I lowered my gaze to the clear silicone contraption and squeezed it gently between my fingers. “You tried to kill yourself?”

I had to ask. I couldn’t just keep acting like I didn’t know, not when this was Finn, when there was something so wrong. I waited through the deafening silence, worried he would refuse to talk about it. I had to know he was okay.

“Who told you?” he asked in an eerily controlled tone. I looked in his face and found it blank.

“Dr. Pierce mentioned it today.” I bit my lip, hoped he wouldn’t hate me for pushing. “What happened, Finn?”

He stood there like a statue while the seconds ticked away. Then he mechanically took three steps and sat on the bed next to me.

“Fuck,” he said.

I put my hand on his thigh and squeezed in heartfelt agreement. “I’m not judging, I promise.
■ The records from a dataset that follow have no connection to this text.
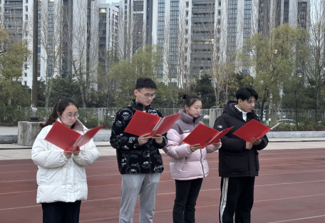之后,学生代表在国旗下朗诵,诠释了当代青年所肩负的光荣使命,抒发了“强国有我,青春担当”的铮铮誓言。
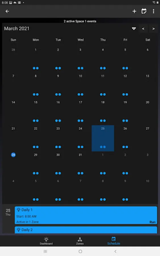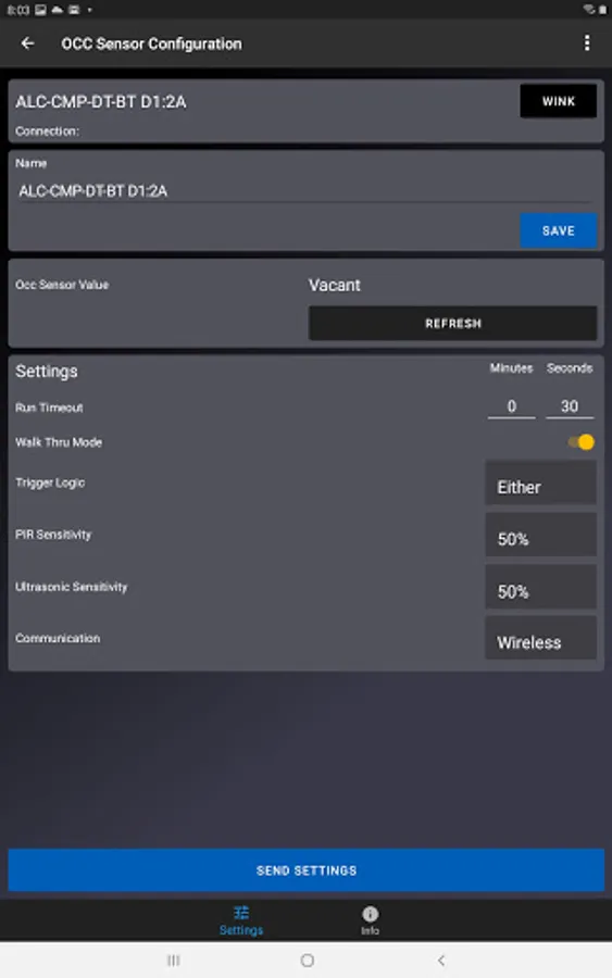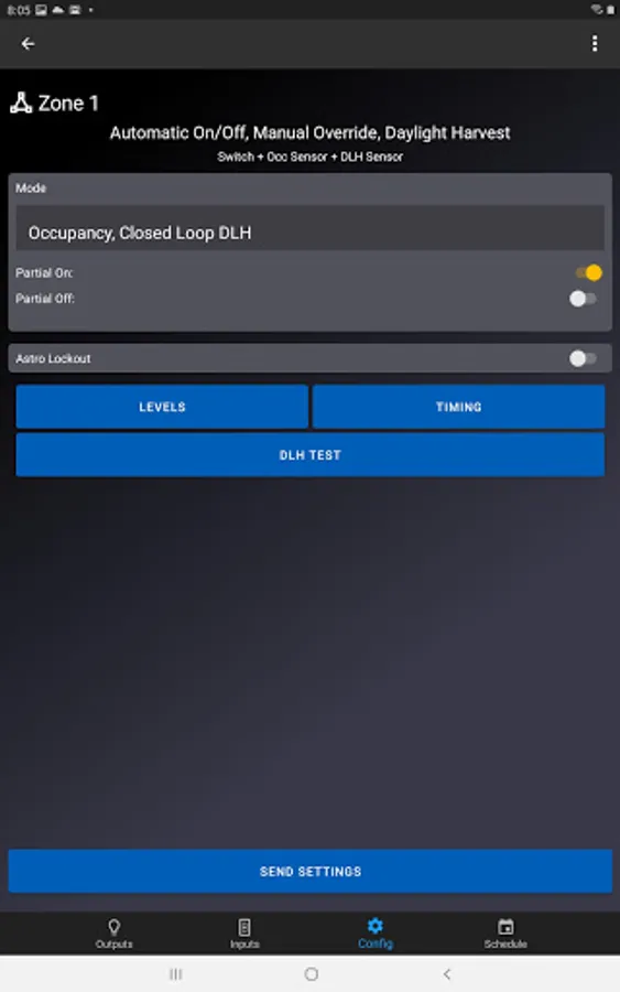 • Real-time Configuration – Use the app to adjust input settings (e.g., run level, fade time) and create time schedules for each ARISTA device. A helpful “blink” feature allows installers to quickly identify devices in the field and begin configuration.
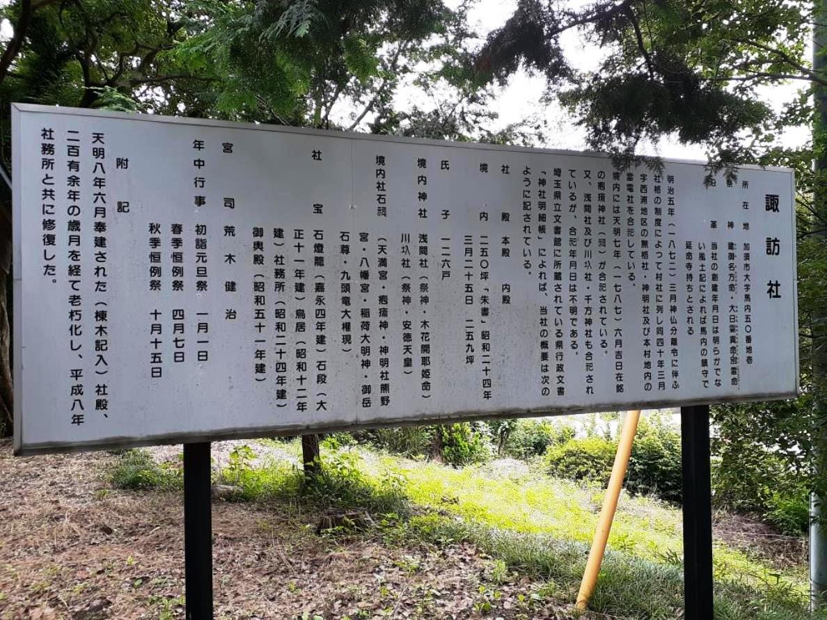 境内には御神燈、手洗い石、幟立石等の寄進や、石鳥居、神廟復地の記碑、神楽殿等々あり、手洗い石の一つは元禄十年奉納のもので、加須市内最古のものである。
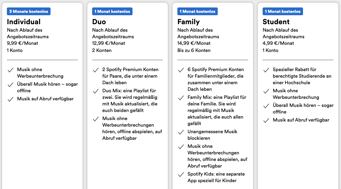 Wie Deezer oder YouTube Music ist Spotify kostenfrei. Dann gibt es allerdings Werbung und Offline-Playlisten sind nicht verfügbar. Wer das nicht möchte, bekommt Spotify Premium für drei Monate kostenfrei. Im Anschluss zahlt man monatlich 10 Euro respektive 13 Euro als Duo-Tarif für zwei Personen oder 15 Euro als Family-Account für maximal sechs Nutzer. Studenten zahlen 5 Euro pro Monat.
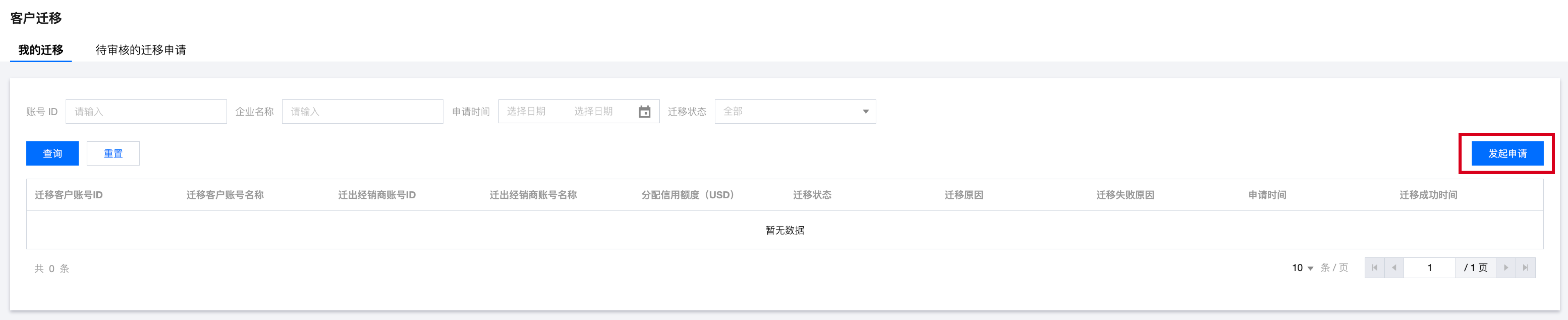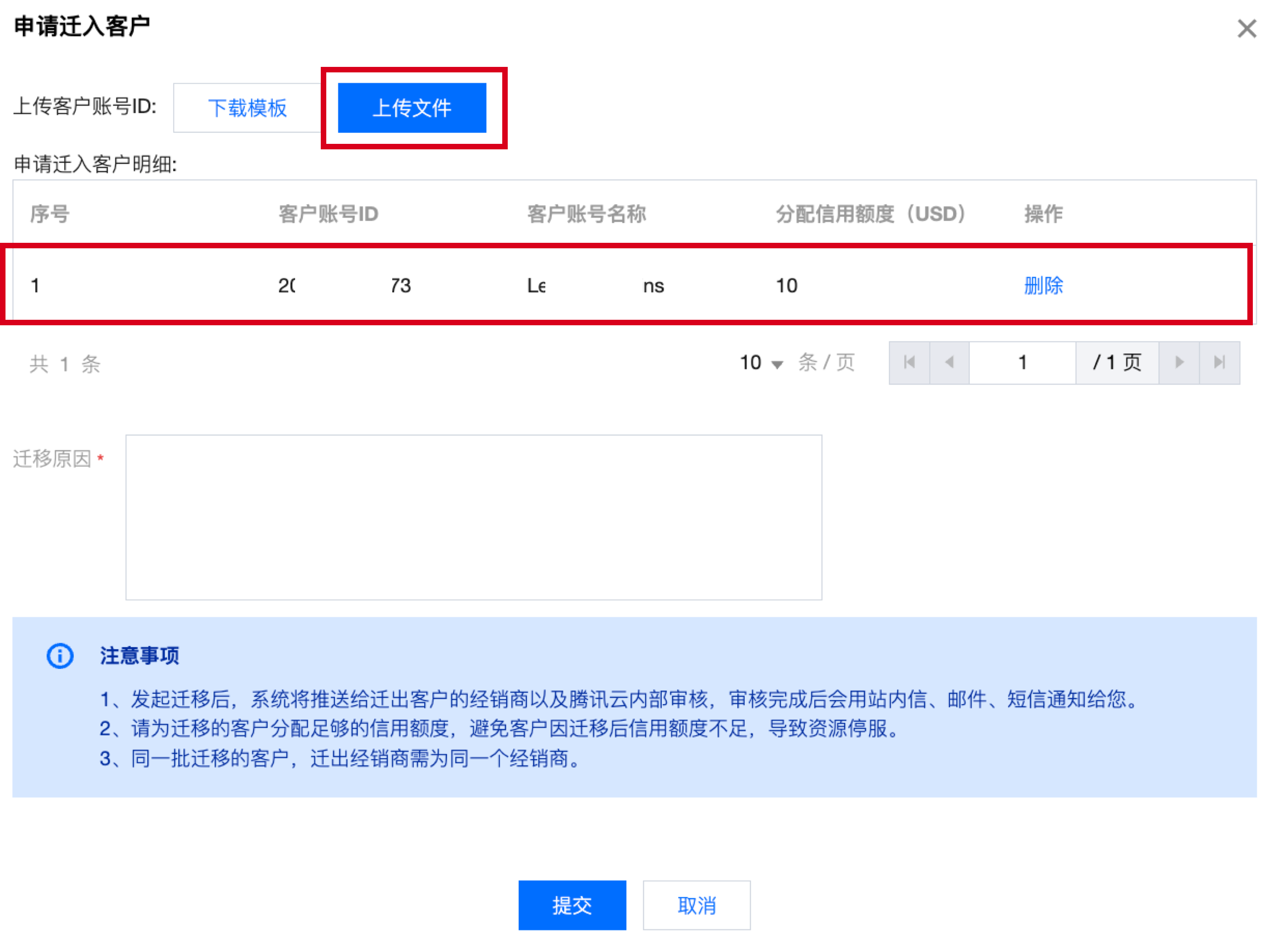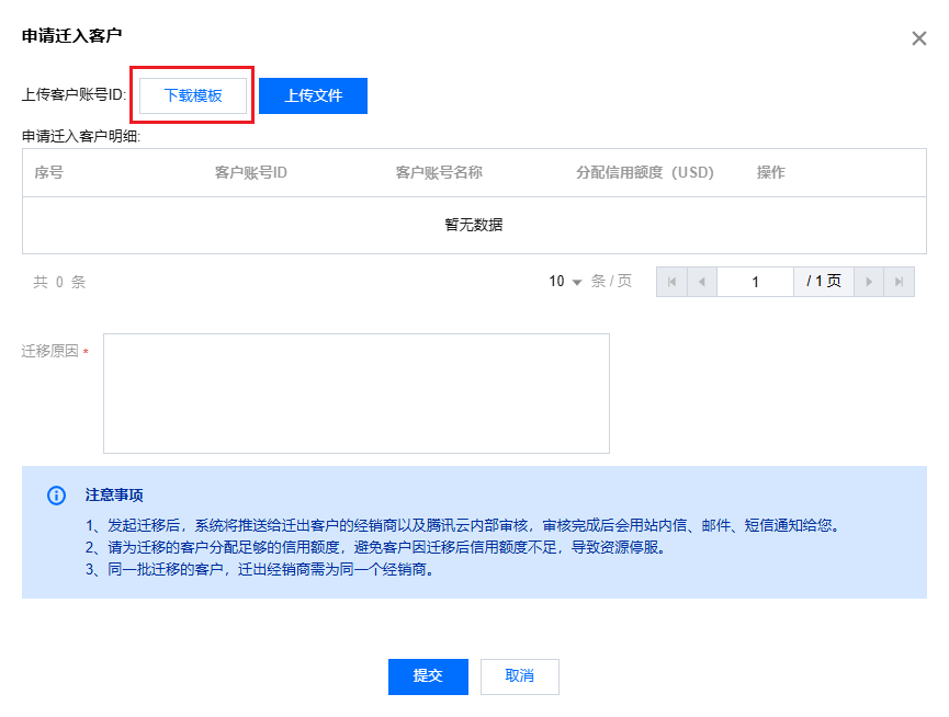 2. 进入合作伙伴中心控制台 > 客户迁移 页面,单击发起申请。 3. 单击下载模板,根据模板字段填写需迁移子客的账号 ID 及需要分配的信用额度,然后上传模板文件。
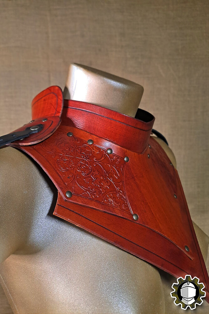 Il profondo marrone della sua finitura risalta ad ogni movimento, creando un effetto visivo che attirerà sguardi ammirati. Ogni dettaglio è stato curato meticulosamente, garantendo che questo gorjal si adatti comodamente e ti protegga, sia in un evento di ricreazione storica che in una convention di cosplay.
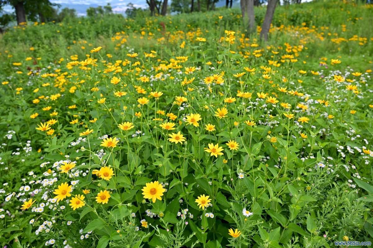 棉花般的云朵让太空似漫画梦境,漫天遍地的小黄花,如点点繁星弯曲至山顶。

I’m just worried.”

“I know.” He ran both hands through his hair and took a deep breath. “Well, I tried to OD.”

“On what?”

“Xanax and Lorazepam and Smirnoff vodka.” He snorted suddenly, looking down at his hands. “I wanted Grey Goose, but they were out.”

I put an arm around him because it felt right to do that. “It’s overrated anyway,” I assured him.

He made another choked near-laughter sound and leaned his head on my shoulder.

“So yeah,” he said. “Now you know.”

“Yeah,” I said, fingers still working the silicone. “Now I know. Will you tell me why?”

“I don’t really… It’s hard to explain.” He shrugged, breathing deeply again. “The world was just…really, really dark.”

I held him tighter. Somehow that felt important. “Yeah?”

“I missed graduation because I was still in the hospital. And I still don’t care that I did. I keep thinking it should bother me, but it doesn’t.”

“Does this have something to do with the girlfriend you had?” I took a stab in the dark.

Finn was silent again. “In part,” he said then. “Didn’t help, that’s for sure.”

“What happened there?”

“She was cheating on me,” he said softly. “Two years, and almost the entire time she was cheating on me.”

“Fuck.”

“With Lane.”

I thought I might throw up. “You’re kidding.”

“If I was, my life would be a whole hell of a lot easier,” Finn pointed out drily.

“God, what a bitch. And your asshole of a brother just…did that?”

“He thought it was hilarious.”

“Have you considered cutting his dick off?”

Finn laughed and threw himself backward onto the bed. “Tempting, right?” he asked, staring at the ceiling.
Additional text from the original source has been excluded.